The French Appeal Court has found that women fitted with the faulty PIP breast implants should receive compensation.
Between 2001 and 2010, the French company, Poly Implant Prothèse, known as PIP, manufactured the breast implants, which were later found to be filled with industrial-grade silicone which was not suitable for human use.
The NHS estimates that around 47,000 British women had PIP implants fitted, most of whom are still living with them. The implants are 2 to 6 times more likely to rupture than standard silicone implants.
A French Appeal Court in Paris has yesterday found that more than 2,500 women who were fitted with PIP implants should receive compensation. The Court also upheld a previous judgement that the German firm TUV Rhineland, who had been responsible for checking the safety of the implants, had been negligent in issuing the safety certificates for the implants.
The PIP company shut down in 2010 and its founder, Jean-Claude Mas, was later sent to prison for four year. Lawyers for TUV said they disagreed with the French court's decision for holding the company liable, "even partly".

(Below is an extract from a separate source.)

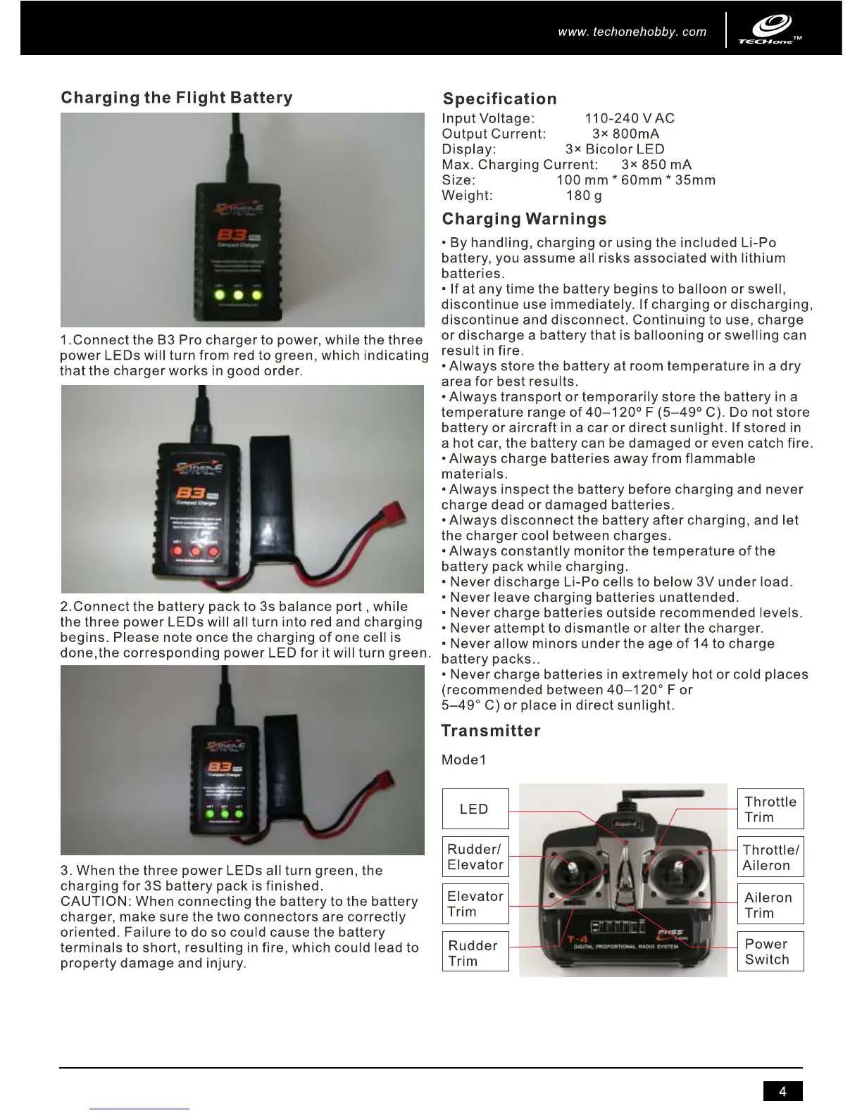 Super-E Saturn - Flight Battery Charging; Charging Warnings and Precautions
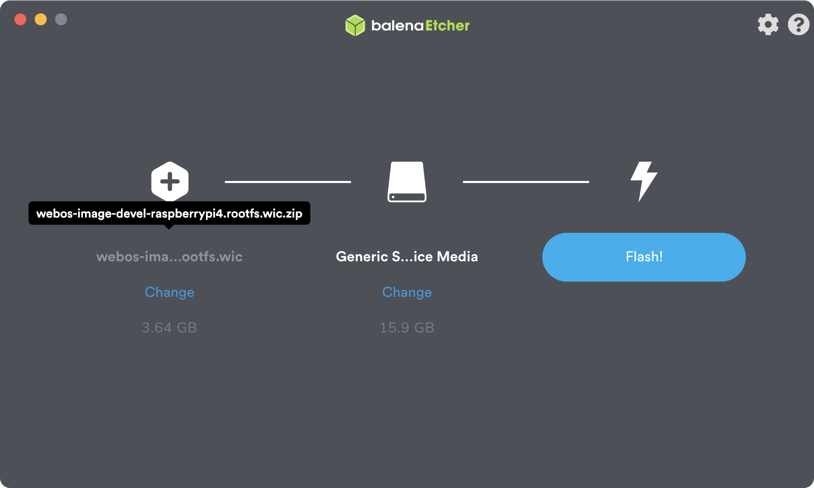 왼쪽에는 webos-image-raspberrypi4.rootfs.wic 파일을 선택하고

For the up to 400,000 women estimated to have received the implants worldwide, yesterday’s decision will be very welcome news. The decision is also expected to have a positive impact on cases of 20,000 other women who are pursuing a similar legal action in France. It is estimated that almost half of the women pursuing those cases are British.
Speaking, yesterday, on the Today programme on BBC Radio 4, Nicola Mason, one of the women who was fitted with the implants, described the decision as ‘a victory, it’s amazing.’ Many of the women who were victims of the PIP implants have been campaigning for compensation for up to 10 years or more, with Nicola explaining, ‘We’ve waited a long time for this.’
Shoosmiths’ Kate Price-Marson, a senior associate in the serious injury team, who previously dealt with thousands of victims of the PIP implants, remarked, ‘ It is wonderful to hear of this victory for the women who have endured such a long journey to obtain compensation. Tragically, many of the clinics and surgeons who fitted these women with PIP implants originally refused to replace them or ceased trading. This left many women with feelings of concern for their health, and uncertainty about which route they should take. For some women, the only route to compensation was claiming for the faulty implants under the Consumer Credit Act against their credit card or loan providers they used to purchase the implants. It is so important that lessons are learned from what happened with the PIP implants, so that steps can be taken to ensure that it never happens again.’